Here are the steps I took:

  • First prepare an SD-Card (min 16Gb) using the ‘Raspberry Pi Imager‘-tool.

  • Next steps require an external screen (connected via HDMI), an external keyboard and a mouse :

Boot the Pi and connect your external USB drive. I’m using an SSD drive because it’s faster and doesn’t need an additional power supply.

  • From the menu : goto ‘Acccesories’ -> ‘SD Card Copier’
  • Select the source and target devices. Make sure to enable ‘New PArtition UUIDs’: This will copy the 2 partitions of the SD-Card onto the external USB drive.

    PI_CP_SD.png

  • Reboot the Pi. This will automatically mount the external drive.
  • Note down the PartitionUUID in the file ‘cmdline.txt’ from the /boot directory of the external disk. This is the PartitionUUID we want to mount when the Pi boots up.
  • Now edit the cmdline.txt from the /boot directory and replace the root PartitionUUID to refer to the PartitionUUID from the external disk e.g.
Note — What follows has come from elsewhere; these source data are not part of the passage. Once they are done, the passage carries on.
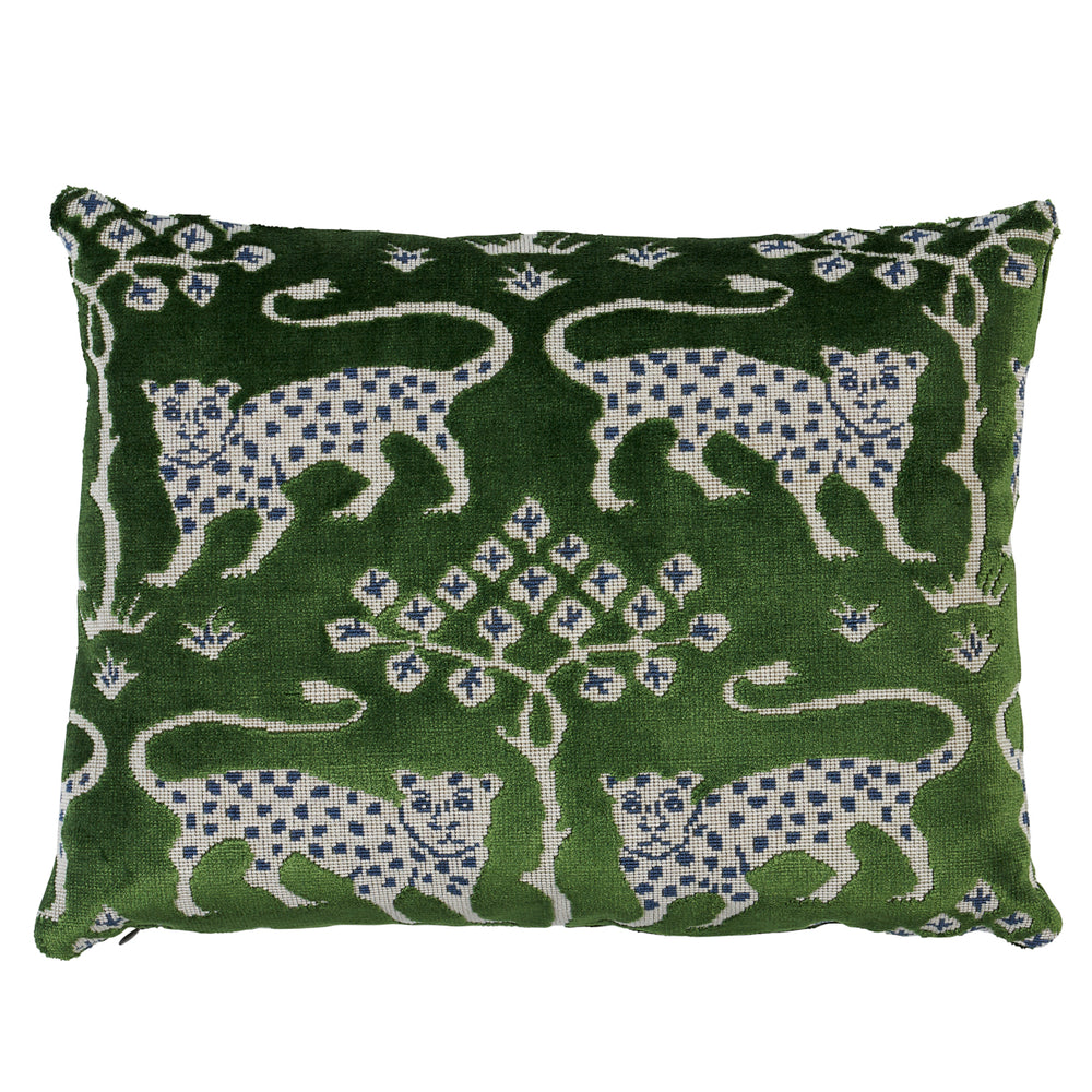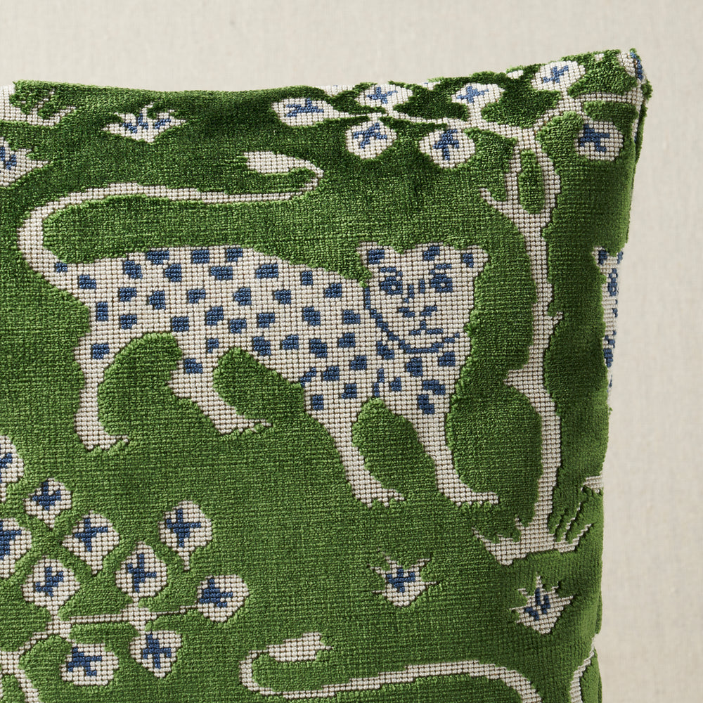 This pillow features Woodland Leopard Velvet with a knife edge finish. A host of historic paintings and textiles served as source material for this fabulously stylized leopard and tree motif. The midscale mirrored repeat design combines loop-and-cut pile sections that make the trees and big cats stand out in even sharper relief against the background. Pillow includes a feather/down fill insert and hidden zipper closure.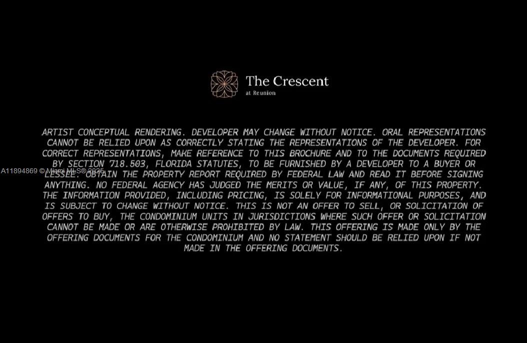 The best all-around investment properties in The Orlando-Kissimee area**CURRENTLY UNDER CONSTRUCTION 102 new units** Enjoy a luxury lifestyle, Live, Vacation, and/or generate income in these fantastic, spacious, no residential or rental restrictions properties, for a limited time we will include an individual, enclosed, covered Garage and a very exclusive Lifetime membership to Reunion Resort and Golf Club which your STR guests can also enjoy, FEATURES: 3 world-class golf courses designed by legends, tennis center, 7 pools, spas, rooftop terrace, fitness center, business center, water park, restaurants, café, bars, and much more!! 5 miles to Disney, and interstate I4, take advantage of this fantastic opportunity at The Crescent At Reunion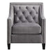 If you are looking for a piece that will add instant traditional glam to your living area, bedroom, or office space, you’ve come to the right accent chair. Slim track arms are adorned with a shiny, nail-head trim that runs up and across the backrest—while part of the interior is carefully upholstered with button tufting featuring a diamond-shaped stitching that will prevent any fabric from shifting. An overall accomplished look for your home and a chair that will always be a pleasure to sit in.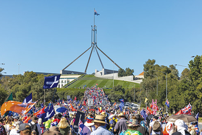 U članku “Je li policija koristila zvučno oružje protiv Australaca koji su mirno prosvjedovali protiv tiranije protiv Covida?”, Reignite Democracy Australia upozorio je da je uporaba LRAD-a “još jedan korak prema militariziranom suzbijanju legalnih prosvjeda u Australiji”. Rekli su da je ovo nečuveni napad vlade na njezin narod. Mediji su, očekivano, raspalili propagandu kako bi potisnuli priču, ali prosvjednici iz Canberre koristili su sve društvene mreže kako bi pokazali što se događa na terenu i, za njih, koliko je demokracija u Australiji pala.

console=serial0,115200 console=tty1 root=PARTUUID=a4cd54ec-02 rootfstype=ext4 fsck.repair=yes rootwait quiet splash plymouth.ignore-serial-consoles

  • Reboot the Pi and verify the mounted file systems using the command ‘df -h’. If all went well, the external USB Drive should now be mounted as the root file system and the ‘/boot’ directory should be mounted from the SD-Card.

Finally if you want to use a small SD-Card (2Gb or even smaller) as boot device, you can do the following :

  • Format the small SD-Card with a FAT filesystem (you can use Disk Utility on Mac or fdisk on Linux)
  • Copy the boot partition from the SD-Card (16Gb) onto the small SD-Card using the command ‘dd’ (your devices might have different names) :

sudo dd if=/dec/mmcblk0p1 of=/dev/sda

  • Finally edit the file ‘/boot/cmdline.txt’ to point to the correct root PartitionUUID.

As a result we only use the SD-Card to boot the Raspberry Pi. Everything else runs of the external SSD drive.